_REQUIRED WORK_
Take from the entries below the stretch from the line with "- Nombre d'électeurs" through the line with "the entire surface.", and return it exactly, leaving the pictures out.

── RECORDED INFORMATION

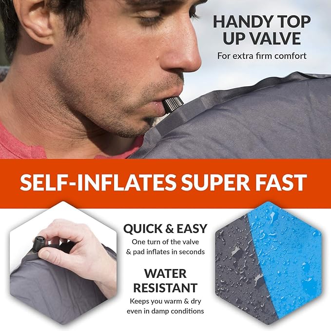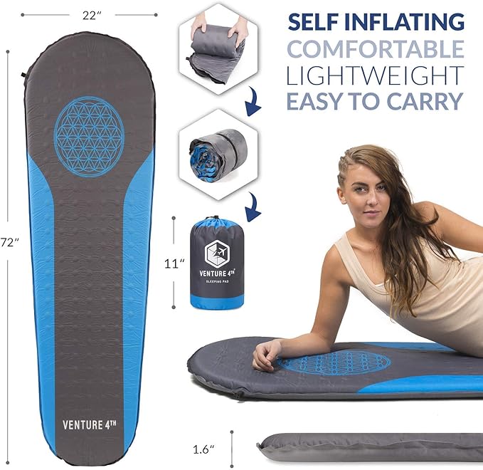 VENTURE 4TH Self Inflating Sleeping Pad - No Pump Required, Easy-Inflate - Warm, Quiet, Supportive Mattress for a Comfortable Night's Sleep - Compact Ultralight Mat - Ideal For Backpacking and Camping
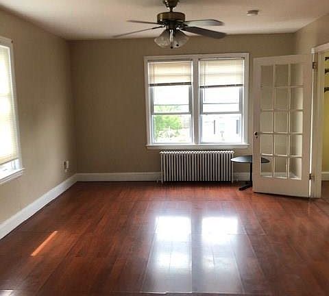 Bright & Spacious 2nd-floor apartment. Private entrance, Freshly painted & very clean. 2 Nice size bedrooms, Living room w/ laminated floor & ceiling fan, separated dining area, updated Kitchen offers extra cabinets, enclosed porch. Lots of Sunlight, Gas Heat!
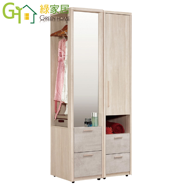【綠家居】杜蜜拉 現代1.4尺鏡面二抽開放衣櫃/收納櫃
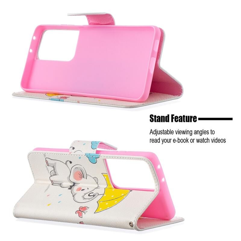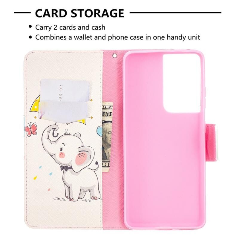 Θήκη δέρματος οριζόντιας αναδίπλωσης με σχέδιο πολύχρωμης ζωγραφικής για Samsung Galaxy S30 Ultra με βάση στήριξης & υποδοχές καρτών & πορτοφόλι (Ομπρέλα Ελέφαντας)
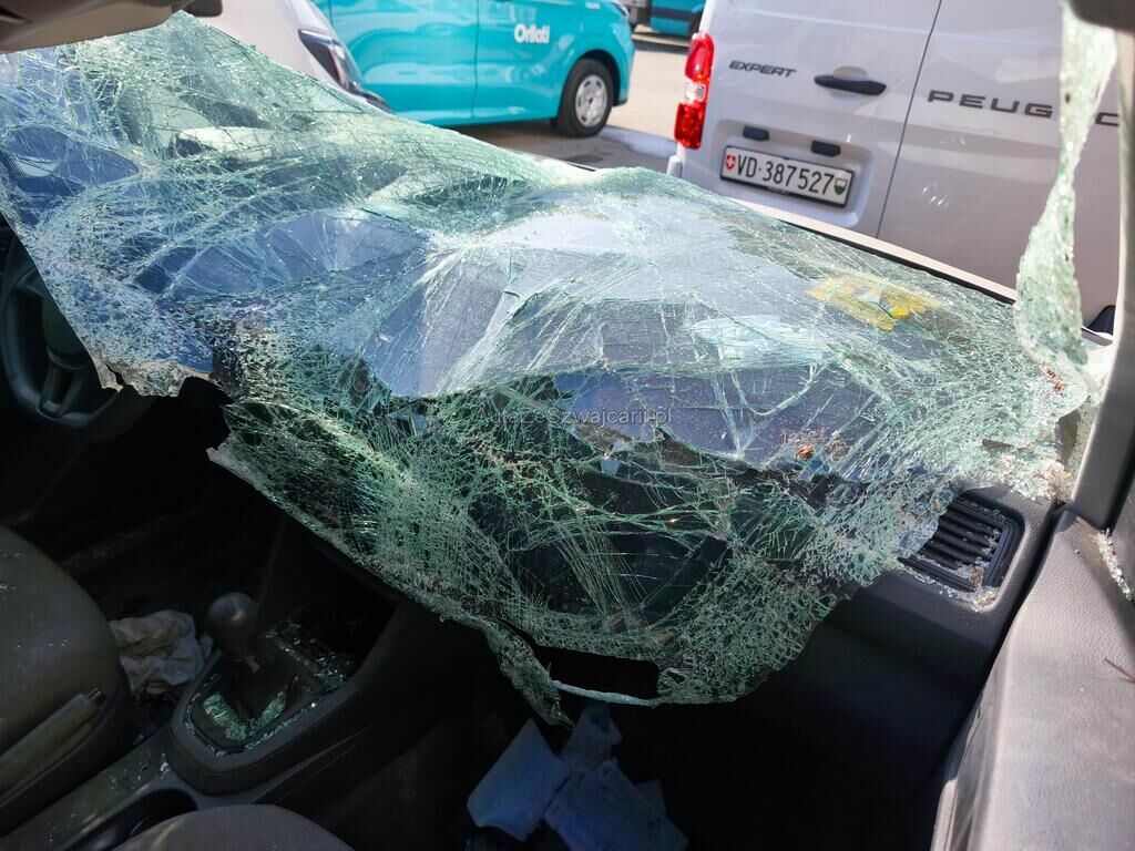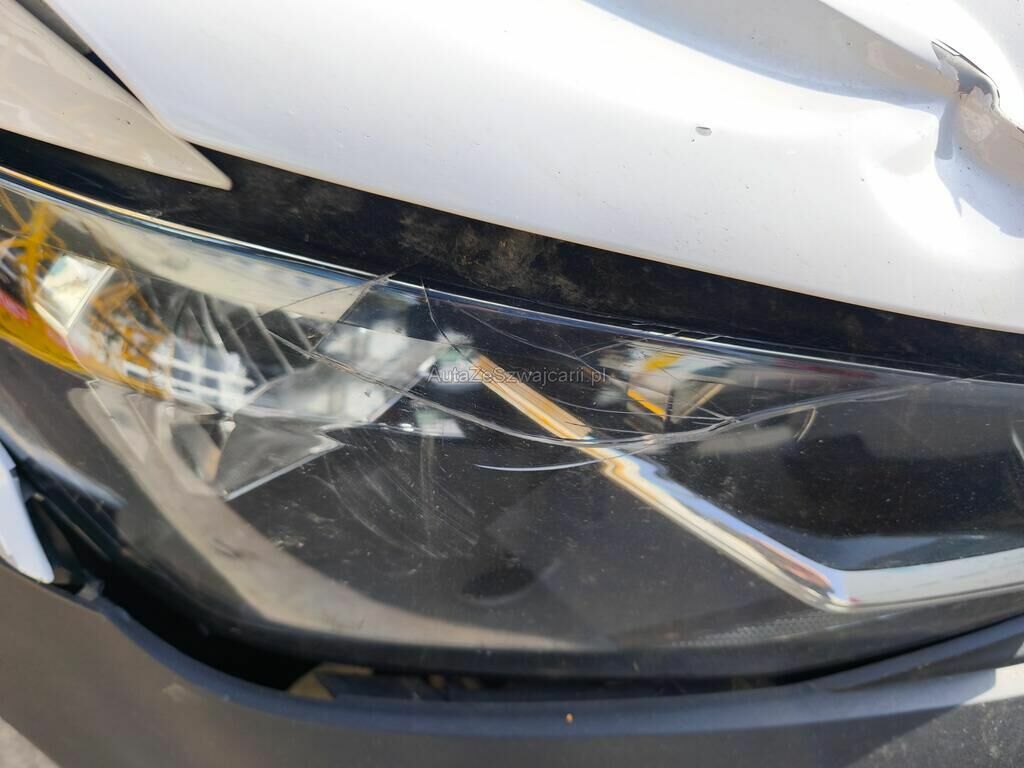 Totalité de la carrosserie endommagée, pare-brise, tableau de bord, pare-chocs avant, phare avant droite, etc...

────
── RECORDED INFORMATION

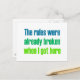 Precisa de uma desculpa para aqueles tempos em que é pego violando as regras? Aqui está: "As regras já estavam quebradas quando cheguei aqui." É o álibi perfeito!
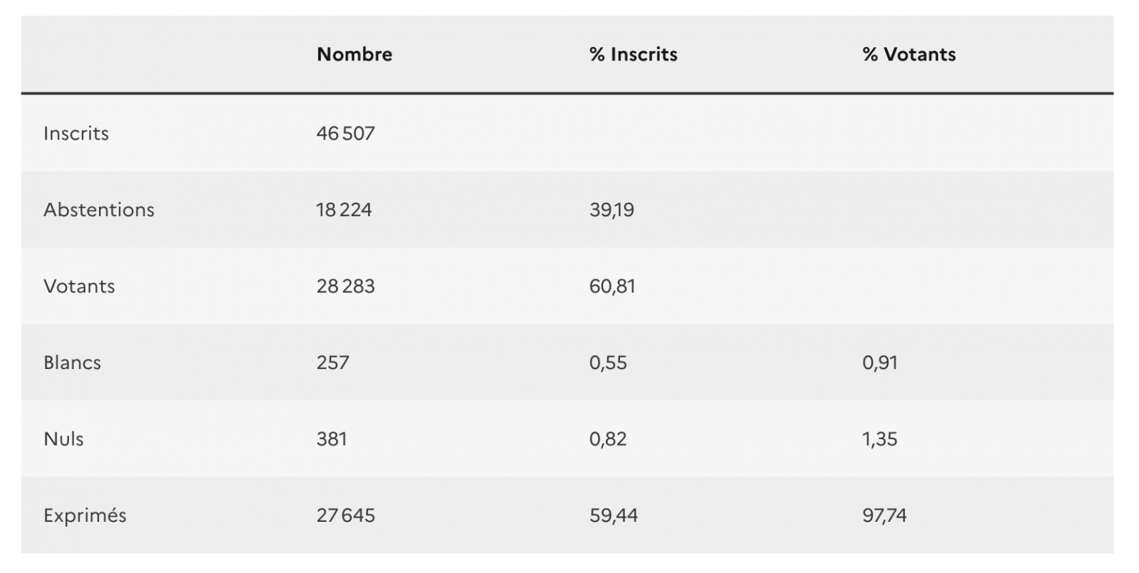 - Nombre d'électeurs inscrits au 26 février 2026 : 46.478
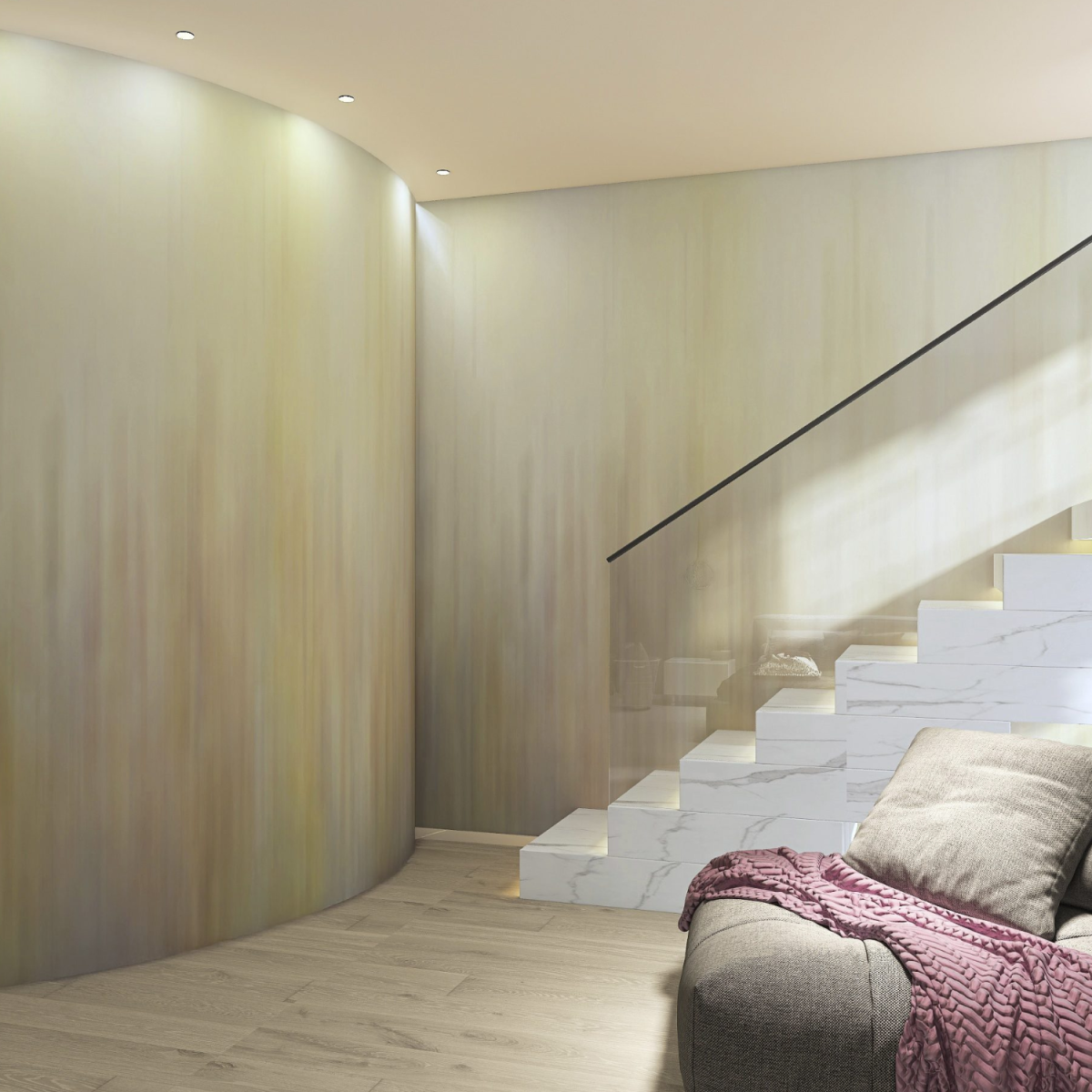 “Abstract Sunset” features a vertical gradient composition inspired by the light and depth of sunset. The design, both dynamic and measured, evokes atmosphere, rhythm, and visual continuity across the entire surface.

────

_SOLUTION BELOW_
 - Nombre d'électeurs inscrits au 26 février 2026 : 46.478
 “Abstract Sunset” features a vertical gradient composition inspired by the light and depth of sunset. The design, both dynamic and measured, evokes atmosphere, rhythm, and visual continuity across the entire surface.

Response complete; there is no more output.